Hollywood Renews Love for Westerns: The Good, the Bad and the Binge-Worthy

WSJ

By R.T. Watson
Photographs by Tailyr Irvine for The Wall Street Journal
Photographs by Tailyr Irvine for The Wall Street Journal

Cue the Ennio Morricone soundtrack. Hollywood is returning to its Western roots.

Stories with flinty-eyed protagonists set in wide-open spaces are gaining in popularity among audiences yearning for armchair travel and a break from computer-graphics and superhero films. Studios are spending hundreds of millions of dollars on several high-profile projects while lower-budget film productions take advantage of the cost efficiencies of shooting a Western.
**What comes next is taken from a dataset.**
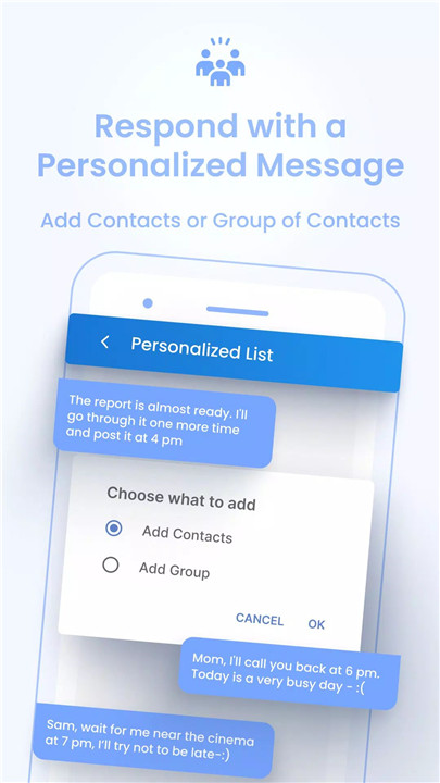 SMS Auto Reply/Autoresponder lets you tailor your auto-replies to specific contacts or groups of contacts. You can send personalized messages only to certain people while excluding others. This way, you can manage your communications more efficiently, ensuring that your important contacts get the attention they need.

The latest push into Westerns includes plans for dozens of new series and films, many shot on location, boosting business for horse wranglers and local economies. ViacomCBS Inc. plans to build on the success of a top-rated cable show, “Yellowstone,’’ which stars Kevin Costner. Netflix Inc.’s platform has two cowboy-theme movies with the English actor Idris Elba, one of which, “The Harder They Fall,” was shot in New Mexico. Angelina Jolie stars in “Those Who Wish Me Dead” from AT&T Inc.’s Warner Bros., a thriller set against the backdrop of the Montana wilderness, out in May.

The Golden Globes win for “Nomadland,” which features images of an empty Nevada desert and a lonely pilgrimage on roads through Western states, also evokes the genre. The film’s director, Chloé Zhao, recently announced she would make a futuristic vampire Western for Comcast Corp.’s Universal Pictures.